Submitting 1 sequences to the Colabfold MSA server for main MSAs...
COMPLETE: 100%|██████████| 150/150 [elapsed: 00:10 remaining: 00:00]
/work2/mb97hape-software/openfold-3/openfold3/core/data/tools/colabfold_msa_server.py:335: DeprecationWarning: Python 3.14 will, by default, filter extracted tar archives and reject files or modify their metadata. Use the filter argument to control this behavior.
  tar_gz.extractall(path)
No complexes found for paired MSA generation. Skipping...
/home/sc.uni-leipzig.de/mb97hape/.local/share/uv/python/cpython-3.12.11-linux-x86_64-gnu/lib/python3.12/multiprocessing/popen_fork.py:66: DeprecationWarning: This process (pid=48523) is multi-threaded, use of fork() may lead to deadlocks in the child.
  self.pid = os.fork()
Preprocessing templates: 100%|██████████| 1/1 [00:18<00:00, 18.13s/it]
LOCAL_RANK: 0 - CUDA_VISIBLE_DEVICES: [0]
SLURM auto-requeueing enabled.

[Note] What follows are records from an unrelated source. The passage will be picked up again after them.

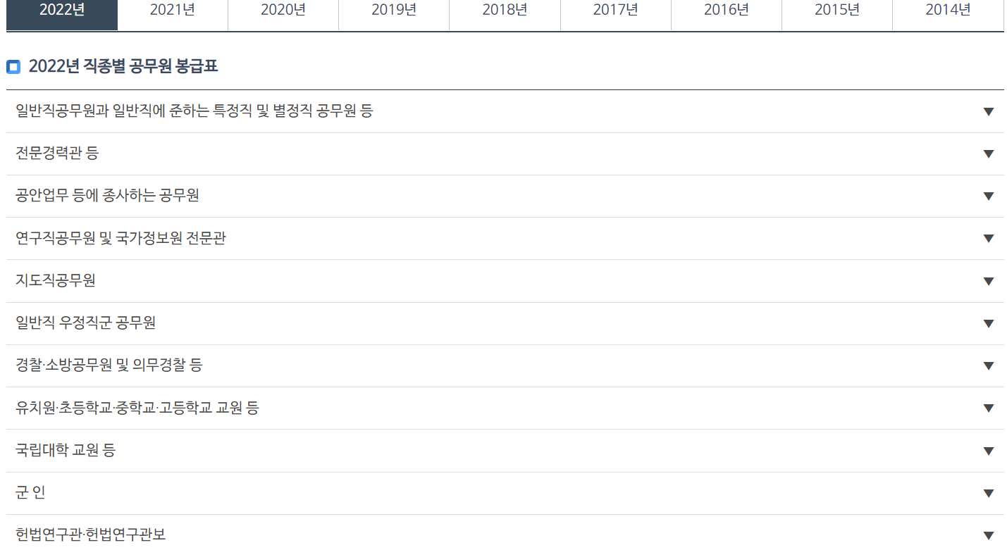2022년 공무원 봉급표는 인사혁신처 홈페이지에서 확인하실 수 있습니다.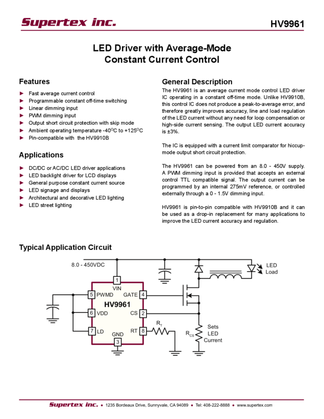 HV9961 Datasheet - LED Driver with Average-Mode Constant Current Control (10/15/2010)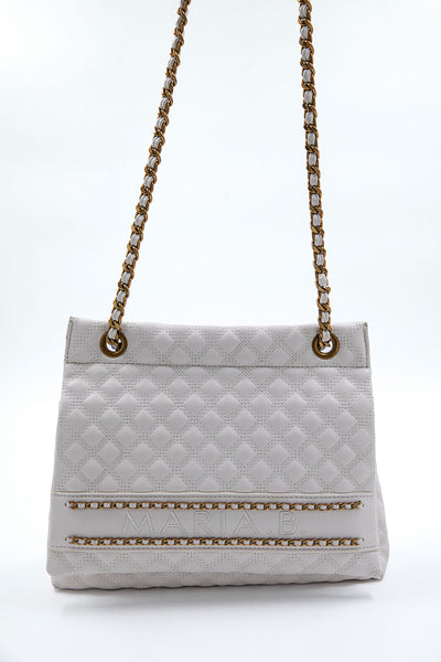 Elevate your style with this statement-making shoulder bag that transcends borders with a soft quilted exterior, reflecting both worldly charm and contemporary finesse with a signature flap and a metallic braided adjustable strap. It is finished in luxurious gold-tone hardware that is perfect to grace your soirees.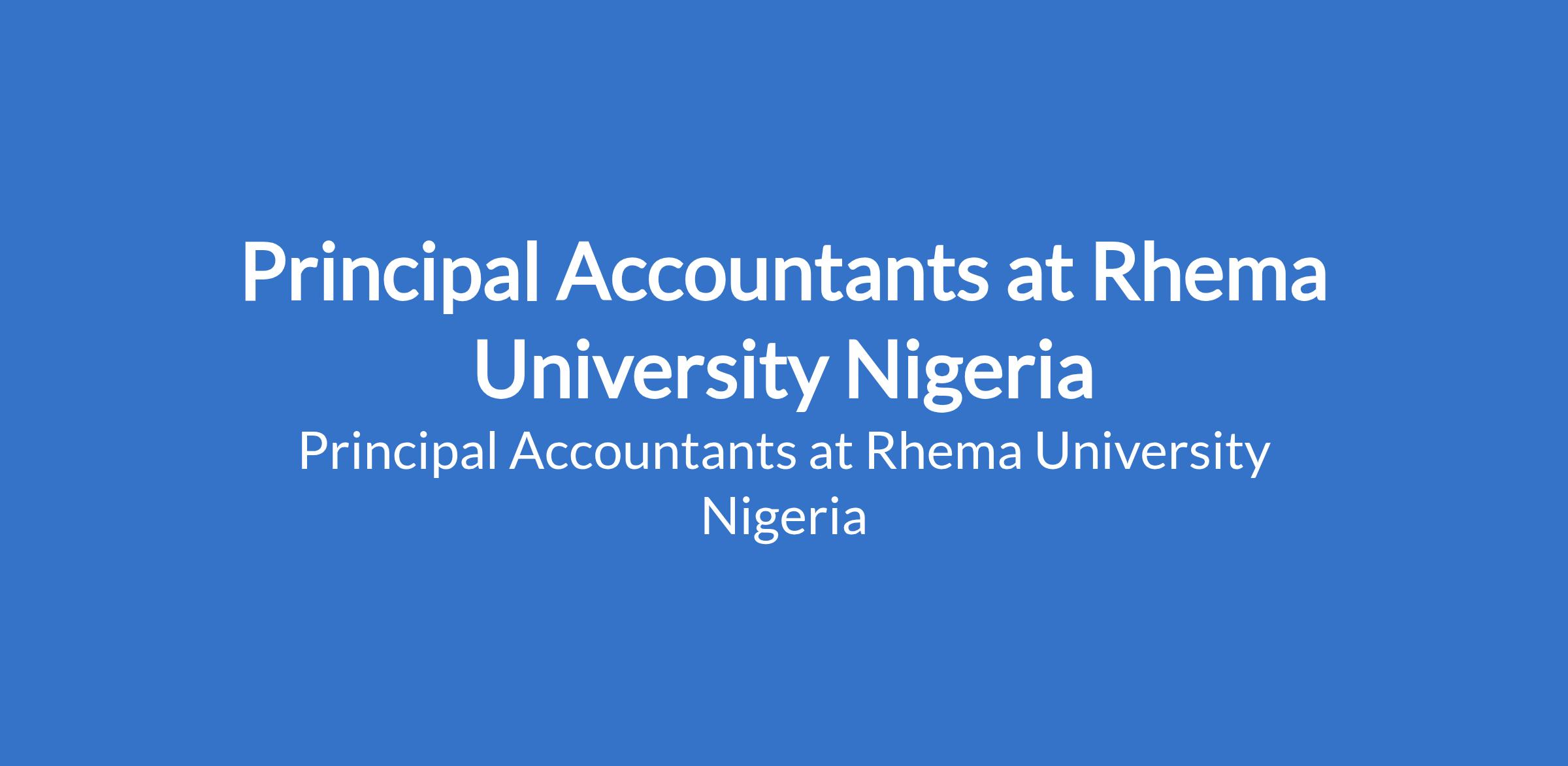 Rhema University Nigeria invites applications from suitably qualified candidates for the position of: Principal Accountant. The position is located in Aba, Abia State. Interested candidates should possess a good First or Second Degree in Accounting, Finance, Economics, or Business Administration and must as well be a qualified chartered accountant and a member of any of the following professional accounting bodies: ICAN, ANAN, ACA.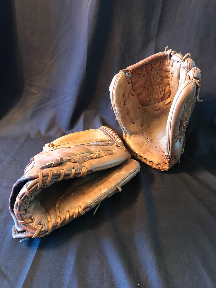 Two vintage leather baseball gloves. Please see all pictures as they are the best representation of the items. The pictures show condition, measurements if taken, and what is included in the lot. Due to the large amount that we photograph and the time frame, we are not always able to take measurements. All items unless noted, are pre-owned and have been used. If you purchased furniture, you must bring help. We do not allow one person to carry large furniture out on their own. Bring help, tools and a truck for the safety of our client’s homes, and your personal safety. Company policy. Thank you.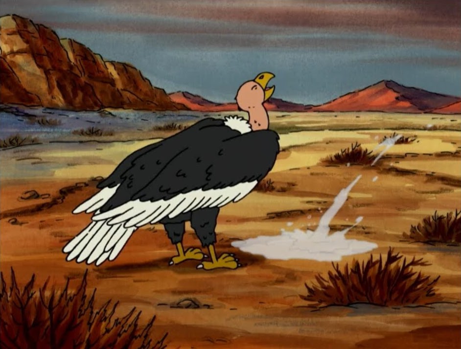 The American crow is found in Elwood City. They are scavengers so they mainly eat the leftovers of other kills. Legends state that crows are bad luck. Crows are pictured as birds of omens in movies in graveyards or creepy scenes. Despite everything stated, the Crow is not a bad bird. Crows have been known to be very smart and communicate with each other with caws over long distance. They made an appearance in What Scared Sue Ellen?.

Setting signal handlers.
/work2/mb97hape-software/openfold-3/.venv/lib/python3.12/site-packages/torch/utils/data/dataloader.py:424: UserWarning: This DataLoader will create 10 worker processes in total. Our suggested max number of worker in current system is 2, which is smaller than what this DataLoader is going to create. Please be aware that excessive worker creation might get DataLoader running slow or even freeze, lower the worker number to avoid potential slowness/freeze if necessary.
  self.check_worker_number_rationality()
/work2/mb97hape-software/openfold-3/.venv/lib/python3.12/site-packages/pytorch_lightning/utilities/_pytree.py:21: `isinstance(treespec, LeafSpec)` is deprecated, use `isinstance(treespec, TreeSpec) and treespec.is_leaf()` instead.
ERROR: Unexpected segmentation fault encountered in worker.
Traceback (most recent call last):
  File "/work2/mb97hape-software/openfold-3/.venv/lib/python3.12/site-packages/torch/utils/data/dataloader.py", line 1310, in _try_get_data
    data = self._data_queue.get(timeout=timeout)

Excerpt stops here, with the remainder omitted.